Nimble is no newbie to the social CRM scene, and has been offering its unified social dashboard for several years now. Nimble 3.0, takes the system a step forward, doing its best to develop superpowers. Nimble 3.0 ($15 per month per user, feature-limited free version for personal use only) is not just about organizing your contacts and interactions: It’s about finding the right people to interact with, and making sure you don’t forget to do so.

Nimble 3.0 is not dissimilar to its previous version, and while there are no significant UI changes, in some aspects it looks like a brand new product. The former Activities, Contacts, Deals, Messages,  and Social tabs have been reworked, with the most prominent additions being the Today tab and the Signals tab. The Social tab is missing in action, but your social interactions are still available in other tabs.

As before, Nimble aggregates your online life from Gmail (or any contacts CSV file), Google+, Facebook, Foursquare, LinkedIn, and Twitter, making it equally easy to bore in on a single contact for a wide picture of their online presence, and to keep up with social activities from all your different networks.

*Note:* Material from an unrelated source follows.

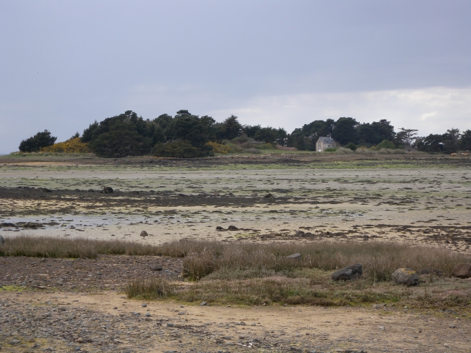 Vue de la partie Sud de l'île Marquer : remarquer la partie Ouest très boisé et le bâti isoléImmatriculation

The new Today tab is a start page of sorts, featuring engagement opportunities sorted by how good they are (e.g., if a CEO of a big company has a birthday today, that’s better than some lowly worker trying to join your network). It also gives you a nice overlook of tasks due today, and upcoming deals–all of which can be added through Nimble or synced from your Google Calendar. The top of the page features today’s “top 3,” which are a daily choice of interesting contacts pulled from your networks. Every day, you can mark these contacts as important or not, and help Nimble improve. When you mark a contact as important, you get to set a recurring reminder to stay in touch with them, so the connection never falls through the cracks.

The second new tab in Nimble 3.0 is the Signals tab, aimed at helping you pick the signal out from the noise. This is all about social networks, and features as many of them as you added. From here, you can track your notifications, send or schedule status updates or personal messages, and track your own activity; but it also includes the Signals (Beta) tab, which is another way to find important people to engage with.

The Signals tab starts by showing you all important events, such as people who mentioned you, new followers, recently job changes, etc. You can then sort this list according  to four different categories (Birthdays, Job changes, New connections, and “RT, tweets, mentions, comments, likes”). You can also view only important people, to narrow things down, assuming Nimble managed to learn who is really important for you.

The last significant new feature in Nimble 3.0 is Search, which is not entirely new, obviously, but was updated to include a sort by last date contacted feature. This is now possible in any contact view—not just when searching—making it easy to see at a glance when any member of the team last contacted this person. The advanced search is pretty powerful, letting you search inside a contact’s name, company, address, social usernames, tags, last contacted date, etc.

Nimble was never really aimed at individuals, but these new features move it even further away from non-business users, and make it even more enticing for companies and teams. Nimble is not a perfect platform, though. Its biggest weakness, in my experience, is a considerable mix-up in contacts management, where I kept being offered the wrong social accounts for my contacts and ended up following random girls on Twitter instead of the contact I was looking at.

Its $15 per user per month pricing is relatively low, but doesn’t include such things a Google Analytics integration. On the other hand, Nimble 3.0 now features integration with a host of new apps such as Quoteroller, MailChimp, Hubspot, Hootsuite, Salesforce, Shopify, and Wufoo, which can easily upgrade its abilities and features.

All in all, Nimble 3.0 is a nice improvement, and while the free trial is now only 14 days long (instead of 30), it’s plenty of time to figure out if it works for you.